Netflix’s new documentary Murder Among the Mormons is looking into the infamous Salt Lake City bombings which killed two people and left another injured in 1985.
But behind the devastating case is a much larger story which relates to a forged Mormon Church document known as the Salamander Letter.
So, what was it? And what was it about?
Here’s everything you need to know about the Salamander letter mentioned in Murder Among the Mormons.
What is the White Salamander letter?
Discovered in the mid-1980s, the Salamander letter was a controversial document about the history of the Latter Day Saints – a collection of independent church groups who traced their origins to a Christian Restorationist movement founded by Mormon leader Joseph Smith in the late 1820s.
It was supposedly written by Martin Harris to W. W. Phelps, who was an early convert in the Latter Day Saint movement.
The letter in question presented a view of Latter Day Saints founder Joseph Smith’s life which contradicted the commonly accepted version of the early progression of the church he established.
As Richard E. Turley Jr., a former assistant church historian, says in Murder Among the Mormons, the letter “gave a far different story of the church’s earliest roots” by taking the “context of Christian-familiar terms like ‘angels'” and relating them “towards a kind of folk magic context” – something the church wanted to stay away from.
The Salamander letter has generated much discussion inside and outside of the Mormon church.
While it was authenticated and accepted by some experts, it was still rejected by others and begrudged by the church as a document forged solely for the purpose of hurting the church.

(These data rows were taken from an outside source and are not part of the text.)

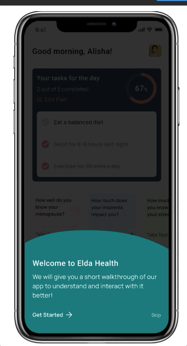 One of the crucial features we aimed to incorporate was a high level of personalization. This involved tailoring the homepage to meet the specific needs of each user, taking into account their selected stage and goal within their menopause journey.
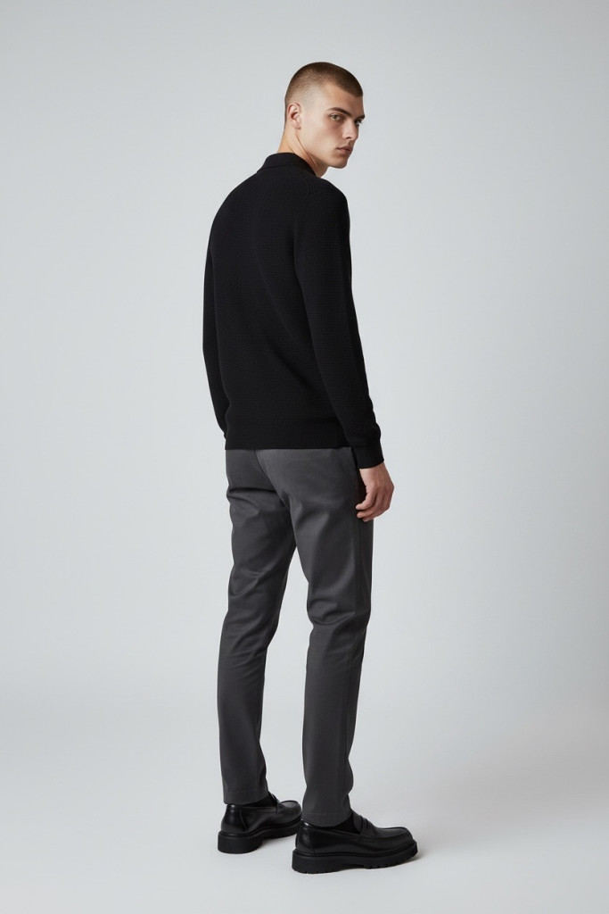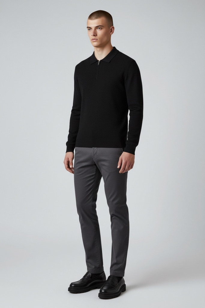 Slim Fit, fekete galléros hosszú ujjú felső, rövid cipzárral, finoman strukturált felülettel
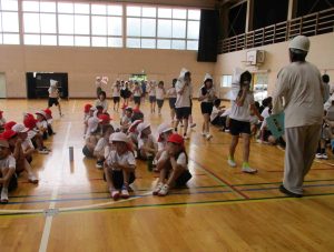 29日(月)に消防署の方にも来ていただき、命を守る訓練を行いました。今回は、休み時間の終わりに予告なしでの実施でした。地震のあとに家庭科室から出火し、放送機器が使えなくなったために、拡声器を使った指示を聞いて避難するという訓練でした。教室から防災頭巾を被って避難する子、グラウンドから戻ってきたばかりで赤白帽子を被って避難する子、それぞれの場所から、静かに避難場所の体育館まで移動することができました。
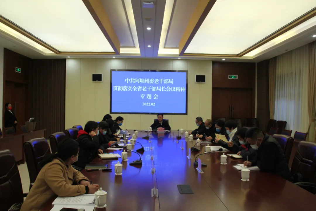 2月8日晚上,四川阿坝州委老干部局召开专题会议,进一步学习传达全省老干部局长会议精神,研究贯彻落实意见。州委组织部副部长、老干部局局长何元辉主持会议并讲话,州委老干部局班子成员、局机关各科室及各干休所负责同志参加会议。
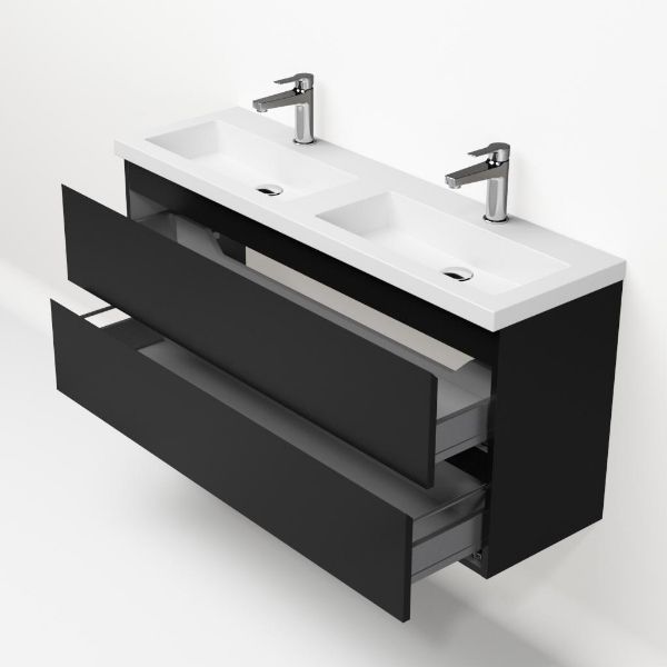 | | Bellanti Secca/Esta ondiep badmeubel 120x36 2 softclose laden mat zwart greeploos polystone wastafel dubbel wit met 2 kraangaten |

Kenneth W. Rendell, a prominent dealer of historic papers and founder of the The International Museum of World War II, initially gave credence to the Salamander letter, saying: “There is no indication that the document is a forgery” as the ink, paper and postmark were all consistent with the period.
However, the letter was later found to be a forgery created by Mark Hofmann – a known document dealer and forger – leading Rendell to change his conclusion. He stated that while there was “the absence of any indication of forgery in the letter itself, there was also no evidence that it was genuine”.
Hofmann was responsible for the Salt Lake City bombings, which he carried out in an attempt to cover up his deceit. He’d previously promised sales of another document, known as the McLellin Collection, but wasn’t able to meet the agreement so started constructing bombs to buy some time.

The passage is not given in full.